The value of liturgical prayer

Daily Reading for November 12 • Charles Simeon, priest, 1836

But we must go further, and say, that the use of the Liturgy is equally expedient still. Of course, we must not he understood as speaking of private prayer in the closet; where though a young and inexperienced person may get help from written forms, it is desirable that every one should learn to express his own wants in his own language; because no written prayer can enter so minutely into his wants and feelings as he himself may do: but in public, we maintain, that the use of such a form as ours is still as expedient as ever. To lead the devotions of a congregation in extempore prayer is a work for which but few are qualified. An extensive knowledge of the Scriptures must be combined with fervent piety, in order to fit a person for such an undertaking: and I greatly mistake if there be found a humble person in the world, who, after engaging often in that arduous work, does not wish at times that he had a suitable form prepared for him.

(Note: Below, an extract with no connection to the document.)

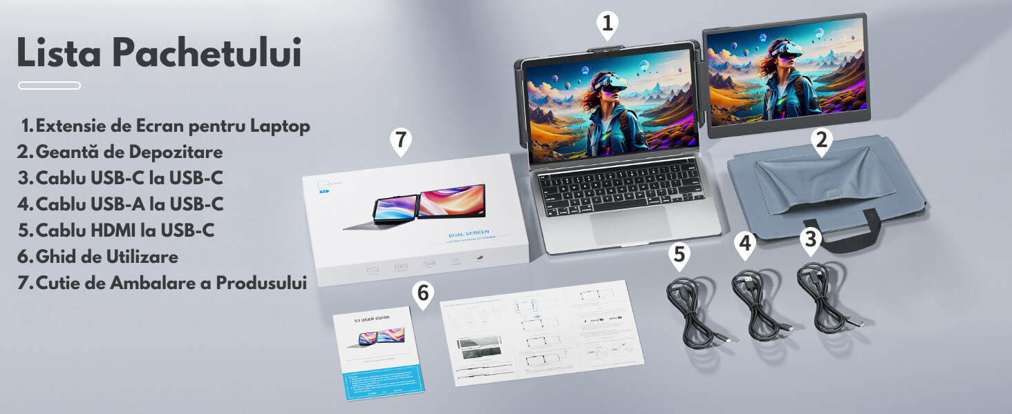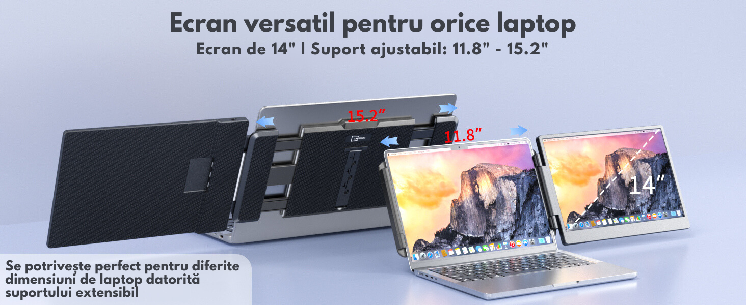 Transforma modul in care lucrezi, inveti sau te relaxezi cu extensorul de ecran dual de 14 inch, o solutie inovatoare pentru utilizatorii moderni de laptopuri. Cu un design inteligent, versatilitate exceptionala si compatibilitate extinsa, acest dispozitiv redefineste multitasking-ul, oferindu-ti performanta maxima intr-un format compact si usor de transportat.

That the constant repetition of the same form does not so forcibly arrest the attention as new sentiments and expressions would do, must be confessed: but, on the other hand, the use of a well-composed form secures us against the dry, dull, tedious repetitions which are but too frequently the fruits of extemporaneous devotions. Only let any person be in a devout frame, and he will be far more likely to have his soul elevated to heaven by the Liturgy of the Established Church, than he will by the generality of prayers which he would hear in other places of worship: and, if any one complain that he cannot enter into the spirit of them, let him only examine his frame of mind when engaged in extemporaneous prayers, whether in public, or in his own family; and he will find, that his formality is not confined to the service of the Church, but is the sad fruit and consequence of his own weakness and corruption.

Here it may not be amiss to rectify the notions which are frequently entertained of spiritual edification. Many, if their imaginations are pleased, and their spirits elevated, are ready to think, that they have been greatly edified and this error is at the root of that preference which they give to extempore prayer, and the indifference which they manifest towards the prayers of the Established Church. But real edification consists in humility of mind, and in being led to a more holy and consistent walk with God: and one atom of such a spirit is more valuable than all the animal fervour that ever was excited. It is with solid truths, and not with fluent words, that we are to be impressed; and if we can desire from our hearts the things which we pray for in our public forms, we need never regret, that our fancy was not gratified, or our animal spirits raised, by the delusive charms of novelty.

From Sermon II in The Excellency of the Liturgy, in Four Discourses preached before the University of Cambridge in November 1811, by the Rev. Charles Simeon, M.A. (New York: Eastburn, Kirk, and Co., 1813).